What is being asked: Go through the listing below, and from the line containing "The classic design" through its last line, transcribe every line exactly, skipping pictures.

Dataset content:
--------

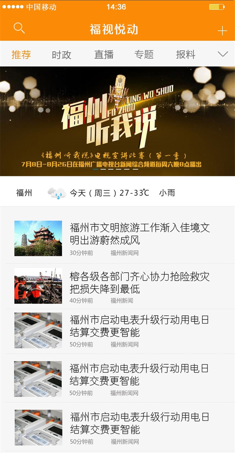 为福州电视台打造的一款集电视直播 图文资讯 新闻点播 影视播放 生活服务 多屏互动 现场报道等功能为一体的新媒体手机app
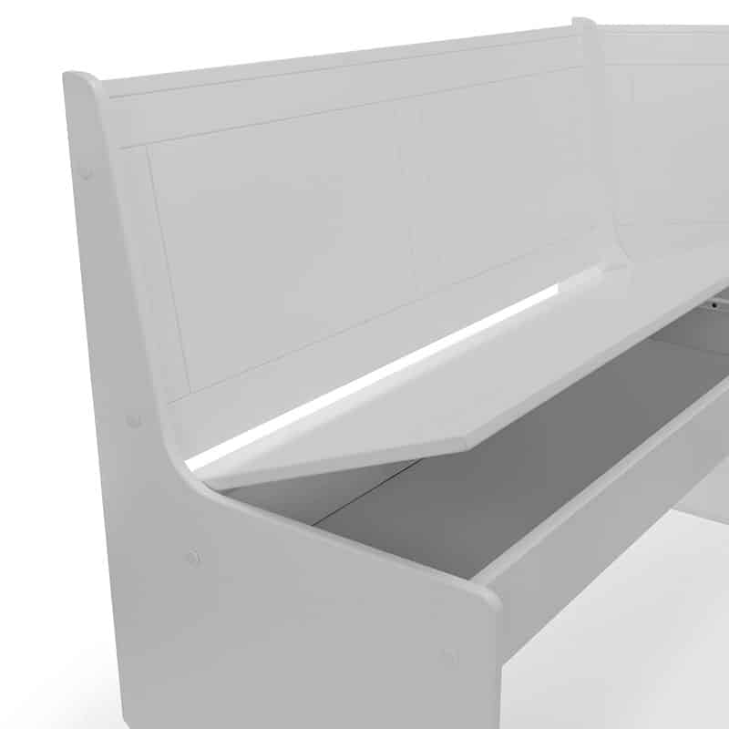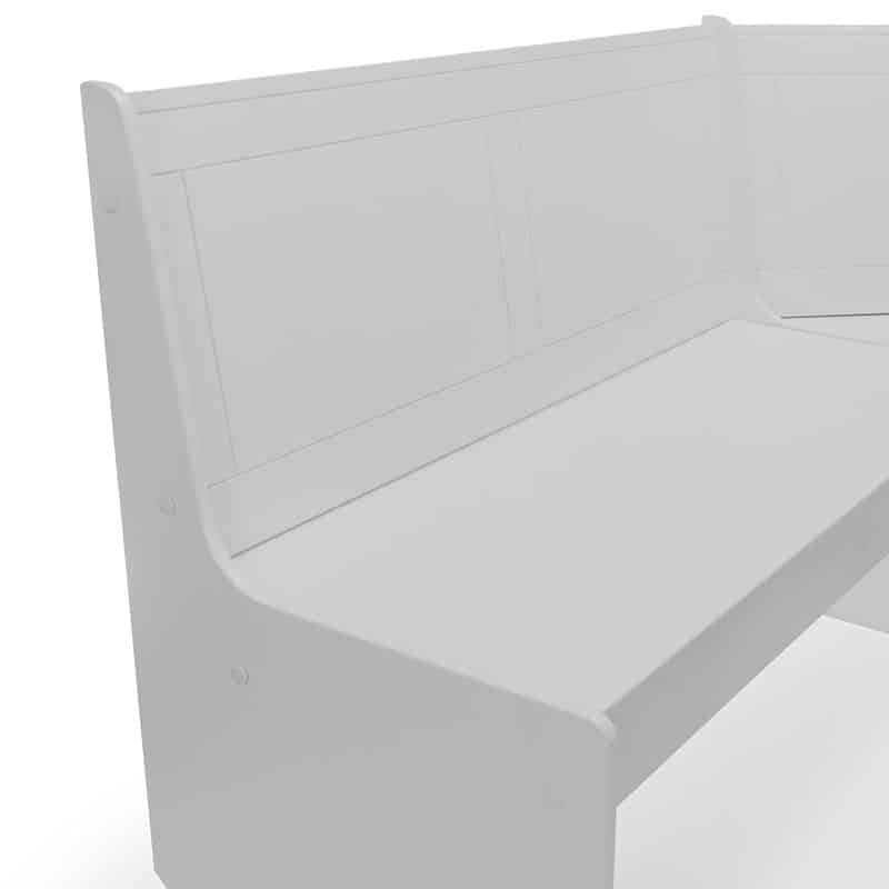 The classic design features tapered legs and sturdy construction that will stand the test of time. The high seatbacks provide comfortable back support while the bench offers extra seating. The dove grey finish pairs well with most wood tones, from light oak to dark walnut. The corner nook shape makes the most of small spaces, tucking neatly into a corner while providing room for up to 6 people.
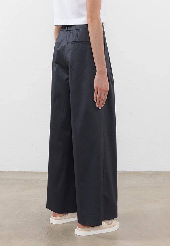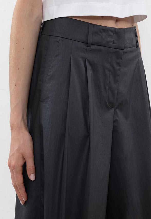 SPODNIE SZEROKIE Z SATYNY BAWEŁNIANEJ CZARNE

--------

Solution below:
 The classic design features tapered legs and sturdy construction that will stand the test of time. The high seatbacks provide comfortable back support while the bench offers extra seating. The dove grey finish pairs well with most wood tones, from light oak to dark walnut. The corner nook shape makes the most of small spaces, tucking neatly into a corner while providing room for up to 6 people.
 SPODNIE SZEROKIE Z SATYNY BAWEŁNIANEJ CZARNE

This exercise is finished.